Short story is the hypocritical bastards decided they wanted galaxy goods after all, so a few Orithian families are allowed ships, and this is one of them.
” She looked around with affection. “You should have heard Shohari when we first met her. So posh. All ‘it would please me greatly if you would be so gracious as to accept the appointment,’ and ‘the quality of these noodles makes me somewhat perturbed.’”
The conversation with Shohari yesterday flashed to the front of my brain.
My family are difficult.
I supposed they would be. It only made me want to help her more.
With the toaster apart again, I showed Muzati what I’d done and why I thought it was the heating panel. “Except I’m not sure what this board is or what it does.”
“Oh, the nanotube circuit? It connects everything on this section. Except it doesn’t have any self healing components—because Orith—and I’ve resoldered everything at least twice. And I don’t know what the skyk these are.” She pointed to a section similar to a printed circuit board.
“Ah, but I do. This kind of thing is still common on New Earth ’cause they’re way cheaper than the nanotech ones, but they blow regularly.”
Between us, we got the pancake heater going again. Muzati told her comm to find a new graphene panel for when the inevitable happened, and we set it back in place on the gleaming metal side.

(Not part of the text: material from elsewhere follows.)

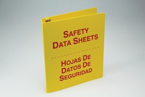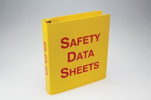 SDS Binders Organize and store your SDS documents in plastic binders. Front cover and spine have contrasting red letters. 3-ring binder has 36" metal security chain. Binders are available in white or yellow with red lettering.

I barged her shoulder with mine. “You were calling my culture primitive?”
She knelt down to stow some spare parts in a locker and jerked her head at the pancake heater. “Yeah, it takes one to know one.” Laughing, she looked up at me, merriment dancing in her eyes. “You’re all right, Garrison. Wish you were sticking around.”
So did I.
“What are you doing down there?”
Our heads whipped round to a furious Shohari.

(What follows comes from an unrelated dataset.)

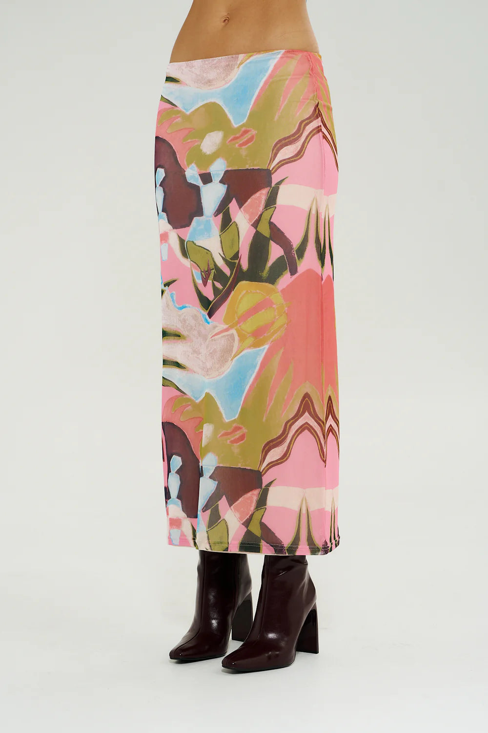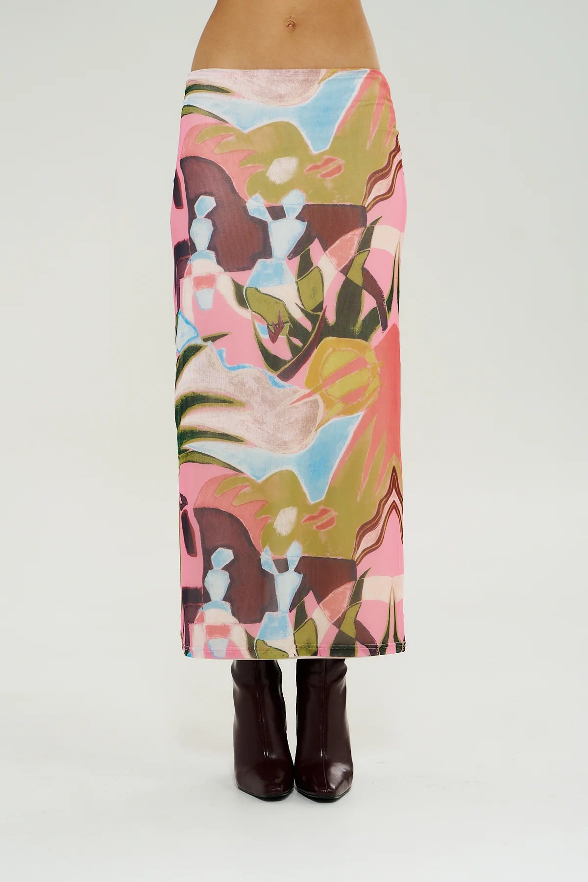 Discover understated elegance with this low-rise maxi skirt, defined by its refined pencil silhouette and premium lined mesh construction. The exclusive hand-painted Wonderland print elevates the design, creating a statement piece that balances contemporary styling with timeless appeal.

Muzati smirked at her from the floor. “I’m not giving him tongue, if that’s what you’re worried about.”
“It wasn’t.” Her voice was cold, but there was something in her face—longing, or jealousy?

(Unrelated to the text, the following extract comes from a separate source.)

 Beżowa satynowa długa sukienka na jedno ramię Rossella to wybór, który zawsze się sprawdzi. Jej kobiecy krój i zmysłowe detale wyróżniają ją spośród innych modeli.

“The flatcake heater broke. Again,” Muzati said.
“Did you know, Garrison knows Orithian-style tech better than I do? Not actually better than I do because I’ve been doing it for years and he’s been doing it for a few hours, but the bits I still get confused about, he understands.
Because he’s a bit primitive, you know?” She flashed the captain a scintillating smile, the bright mess hall lights catching her teeth.
“But he was useful to have around. I’m going to head back to engineering. ”
I watched the emotions unfold on Shohari’s face as her engineer talked, then turned to Muzati with a grateful smile. “Thanks for the chat, Muzi.”
“Any time.” She grabbed me round the shoulders, squeezed, shot the captain a pointed glare, and darted off.
Shohari looked ready to burst. I expected her to storm off—it was written in the tension in her muscles, the way her legs were primed to move, her body angled towards the door.
Yesterday had taken me by surprise, and I wouldn’t let that happen again.